Why should I invest in measuring the customer experience?
We get asked that question all the time and the pithiest, but perhaps the best, way we have of responding to it is by putting this graphic up on screen. This data comes from a leading Canadian aftermarket car care center and comprises feedback from close to 7,000 respondents.
This graphic always produces silence and stunned expressions from the audience!
As you can see, 65% of customers were driven to visit (and, in the case of a car care center, visiting usually means purchasing) either because they were repeat customers or because they had hear positive word-of-mouth from another customer. In other words, 65% of visits were driven, either directly or indirectly, by a past positive experience–either a past positive experience of one’s own or someone else’s past positive experience, transmitted via word-of-mouth.
In terms of visiting and purchasing attribution, the customer experience dwarfs advertising by a score of 65% to 4%. Advertising spits out metrics (reach, share of voice, CPMs, CPCs, CPAs, etc.), which are religiously tracked, analyzed, and obsessed over.
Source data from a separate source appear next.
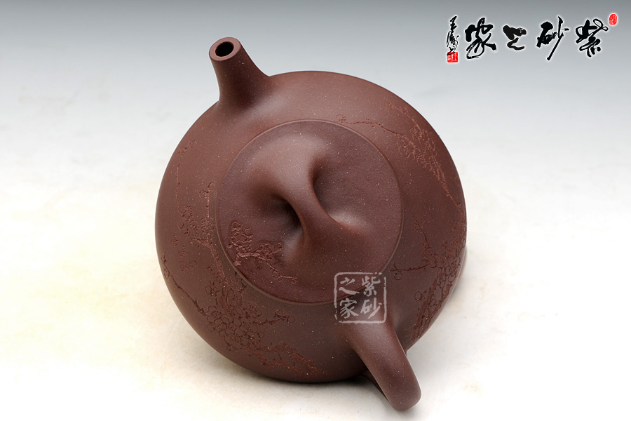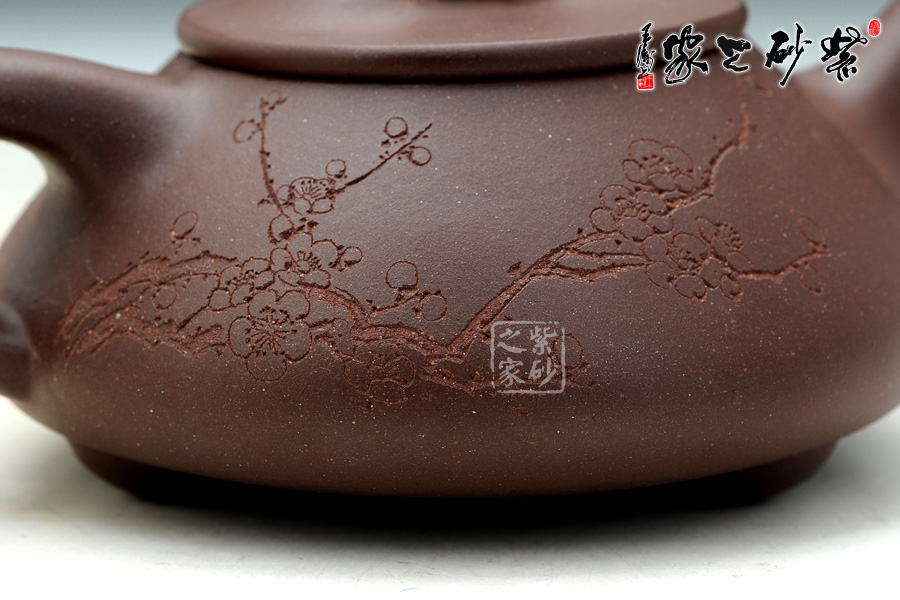 通體裝飾: 裝飾: 梅花 裝飾者:石陶(朱炳浩) 裝飾內(nèi)容: 此壺壺身由任淦庭老藝人的高徒朱炳浩(石陶)操刀裝飾,壺身通體篆刻的是梅花,疏瘦清雅,清逸高潔,寓意深刻。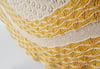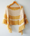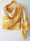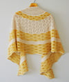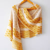 Sign of the Sun was inspired by Jessie Burton’s The Miniaturist, a novel of love, marriage, and betrayal in the 17th-century Amsterdam. This shawl is soft and romantic — but the design is modernized with the addition of a bright color and crisp textures.Sign of the Sun is worked from the top down as a hybrid between a semi-circle and a crescent. Interspersed with sections of stockinette and lace in the main color are sets of elongated stitches worked in a contrasting color.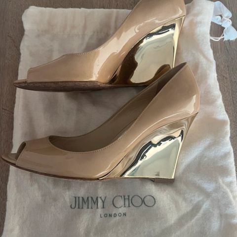 Sælger disse elegante stiletter fra Jimmy Choo i guld-læder. En klassisk model med peep-toe, slingback-rem og lille platform foran, som gør dem mere behagelige at have på i længere tid. Perfekte til bryllup, galla eller sommerfester.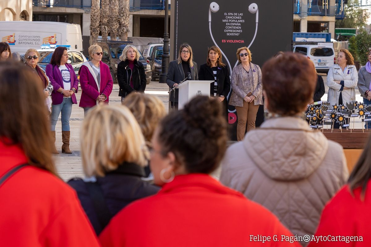 La alcaldesa de Cartagena, Noelia Arroyo, ha presidido este martes el acto conmemorativo con motivo del 25N, Día Internacional de la Eliminación de la Violencia contra la Mujer, en la Plaza del Ayuntamiento. El evento ha contado con la participación de la concejal de Política Social, Igualdad y Familia, Cristina Mora, miembros de la Corporación local, profesionales del área de Igualdad del Ayuntamiento y representantes de numerosos colectivos y asociaciones de mujeres del municipio, que también han participado en la lectura del manifiesto.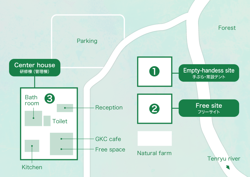 GKCは、①手ぶらキャンプサイト、②フリーサイト、③研修棟の3つのエリアで運営するとても小さなキャンプ場です。全エリア FREE Wi-Fi 完備。施設ご利用中に出るゴミの引取りOK。貸切風呂のご利用が可能です。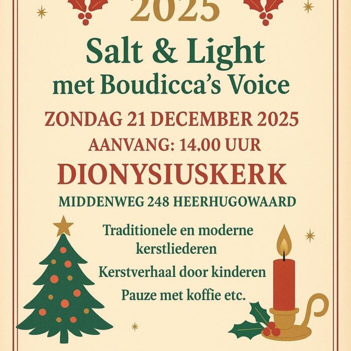 Kerstconcert 2025 Salt & Light met Boudicca's Voice, aanvang 14.00 uur, Dionysiuskerk, Middenweg 248, 1701 GH Heerhugowaard, traditionele en moderne kerstliederen, kerstverhaal door kinderen, pauze met koffie/thee, enz., iedereen is van harte welkom om samen de kersttijd in te luiden! Deurcollecte na afloop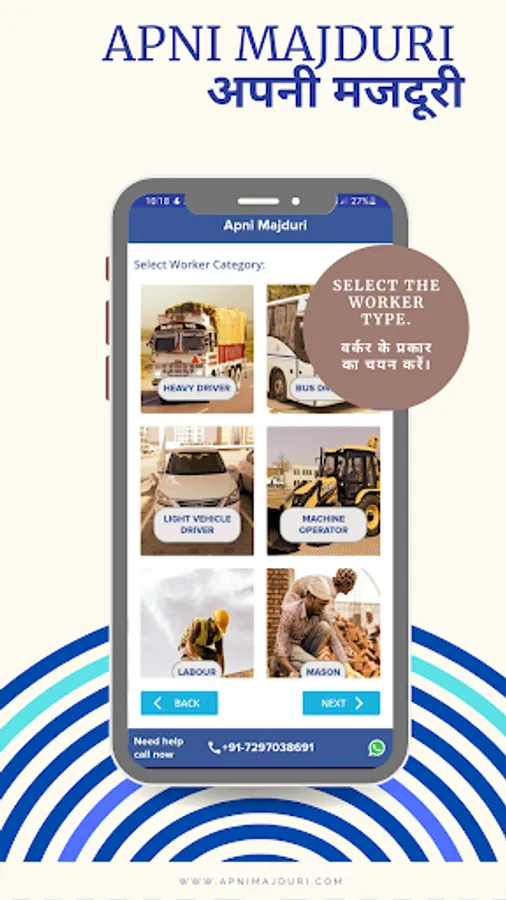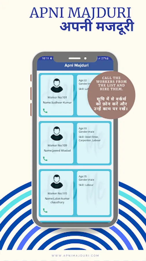 • All the applicants (Workers) contact number with matching skills will be shown on the Apni Majduri application.

Customer experience measurement programs spit out their own metrics (satisfaction, loyalty, likelihood to buy again, store attributes, etc.) that ought to be obsessed over comparable fervor.
After all, if companies pay such close attention to measuring the impact of the activities that drive 4% of visits and purchases, then how much attention and investment should go towards measuring the impact of activities that drive 65% of visits and purchases?
That’s why companies should invest in measuring the customer experience.